Asian Beauty “Standards”

A standard is an “average” or “norm” or “common factor”. Yet, ironically, when ever we talk about standards in terms of beauty, we inflate them to the point of impossibility. Sure we call them “high” but high is at least attainable. Beauty standards around the world have become unrealistic for the average, normal, common, or standard person.

Where do these crazy beauty standards come from? Some of them are innate, such as being attracted to big breast, which signal fertility and being able to produce large amounts of milk for offspring. But most of the beauty standards we see are created and perpetuated by society.
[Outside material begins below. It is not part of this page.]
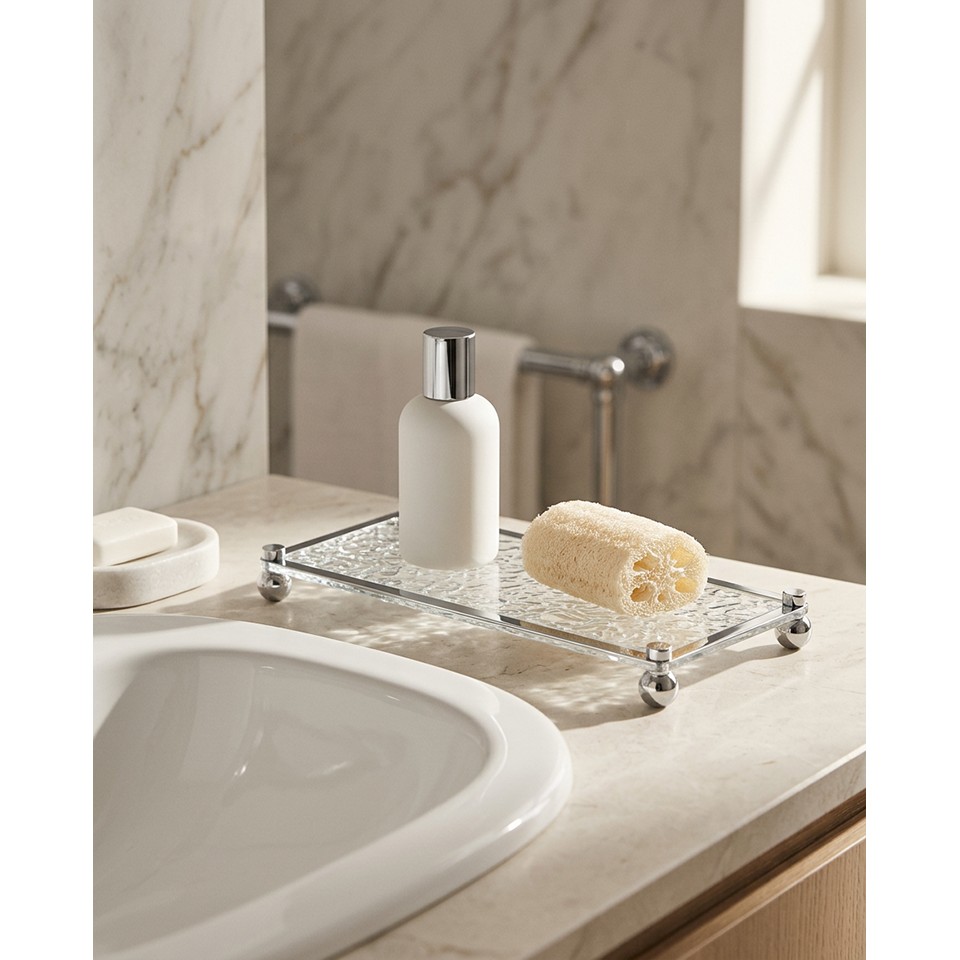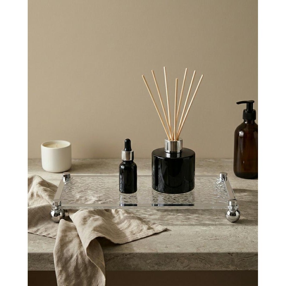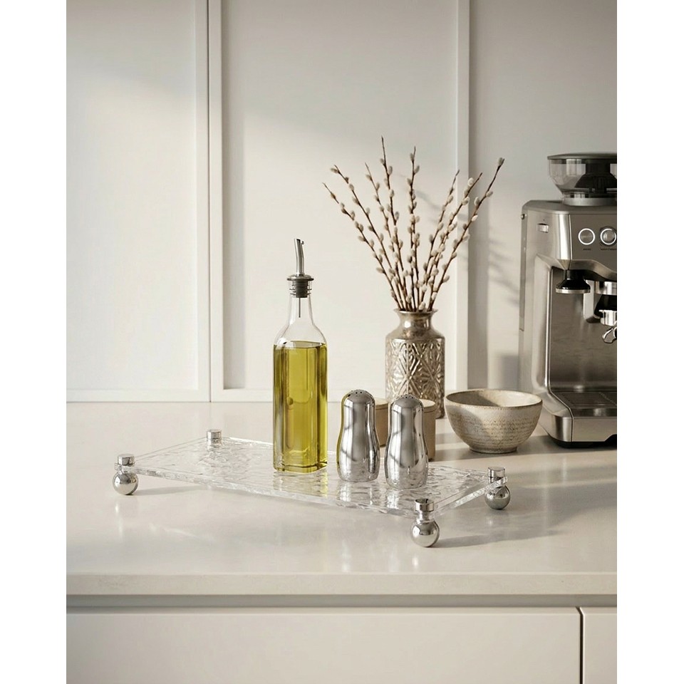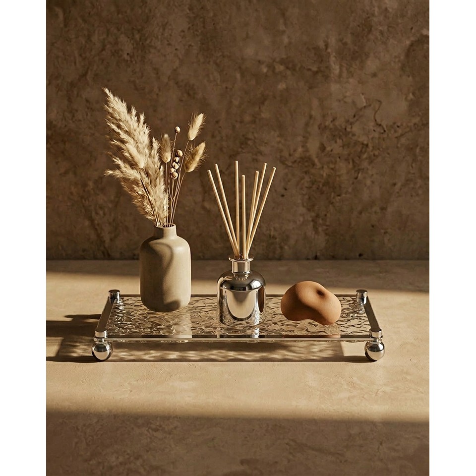 Wykonana z akrylu taca, zachwyca lekkością formy oraz delikatną, strukturalną powierzchnią, która efektownie odbija światło.

My theory on the origins of beauty standards, throughout history and in modern times, is that they come from what the majority of people don’t have. For instance, currently everyone wants to be thin or skinny or have a thigh gap.
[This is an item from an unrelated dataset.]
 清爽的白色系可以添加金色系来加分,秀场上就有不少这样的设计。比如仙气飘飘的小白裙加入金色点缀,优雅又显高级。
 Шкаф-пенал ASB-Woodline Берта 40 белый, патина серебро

Why? because it is much easier to eat that burger and shake for lunch than it is to pass it over for a salad and water. It is also easier to sit on the couch and watch Netflix all day while sipping on a glass of wine than it is to walk around outside or go on a hike with your friends.

Being in peak, ideal shape is hard. Because it’s so hard, the majority of America is not skinny. We are the second heaviest country in the world. We envy the smaller portion of the population who are thin and fit. 

The minority is the “standard” of beauty and what everyone seeks to look like.

Still don’t believe me? Well look back in history. Centuries ago, being a little bigger or overweight was seen as beautiful. Food back then was scarce and the only people who were able to afford food were the wealthy, who made up a very small portion of the population. The majority, who were thin and unable to gain weight wanted to be fatter.

The same goes for Asians. We also want to be thin but instead of tan (like Americans), Asians want to be a pale as possible. Translucent, even. Borderline looking like we have a terminal illness. Majority of Asians are not born pale. This came from the fact that, a long time ago, being pale signaled high status and wealth. That you didn’t have to work outside, or even work at all.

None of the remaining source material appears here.